**The problem:**
Which lines run from the line with "CSSTEAP Headquarters at Dehradun" through the line with "ceremony, half Christian, half" in the entries below? Print them exactly, both ends included, and nothing more.

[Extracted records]
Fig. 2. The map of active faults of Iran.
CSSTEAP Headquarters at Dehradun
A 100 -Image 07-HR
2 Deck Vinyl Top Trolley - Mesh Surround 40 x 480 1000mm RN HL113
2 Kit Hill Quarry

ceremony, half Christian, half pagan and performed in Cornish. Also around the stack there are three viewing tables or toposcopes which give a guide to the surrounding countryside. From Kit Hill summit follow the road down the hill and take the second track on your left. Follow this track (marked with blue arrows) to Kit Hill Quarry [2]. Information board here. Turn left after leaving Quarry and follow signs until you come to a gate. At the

==

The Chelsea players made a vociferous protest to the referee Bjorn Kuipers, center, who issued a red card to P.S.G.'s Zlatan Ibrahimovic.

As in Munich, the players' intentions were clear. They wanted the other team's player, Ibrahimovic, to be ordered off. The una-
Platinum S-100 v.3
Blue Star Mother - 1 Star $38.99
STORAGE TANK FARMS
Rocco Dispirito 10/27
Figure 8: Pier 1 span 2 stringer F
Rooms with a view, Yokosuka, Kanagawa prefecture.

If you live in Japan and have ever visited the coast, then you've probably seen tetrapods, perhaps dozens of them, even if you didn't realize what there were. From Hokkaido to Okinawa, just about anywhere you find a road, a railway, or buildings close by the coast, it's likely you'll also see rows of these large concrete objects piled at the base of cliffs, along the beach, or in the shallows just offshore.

**Answer section:**
CSSTEAP Headquarters at Dehradun
A 100 -Image 07-HR
2 Deck Vinyl Top Trolley - Mesh Surround 40 x 480 1000mm RN HL113
2 Kit Hill Quarry

ceremony, half Christian, half pagan and performed in Cornish. Also around the stack there are three viewing tables or toposcopes which give a guide to the surrounding countryside. From Kit Hill summit follow the road down the hill and take the second track on your left. Follow this track (marked with blue arrows) to Kit Hill Quarry [2]. Information board here. Turn left after leaving Quarry and follow signs until you come to a gate. At the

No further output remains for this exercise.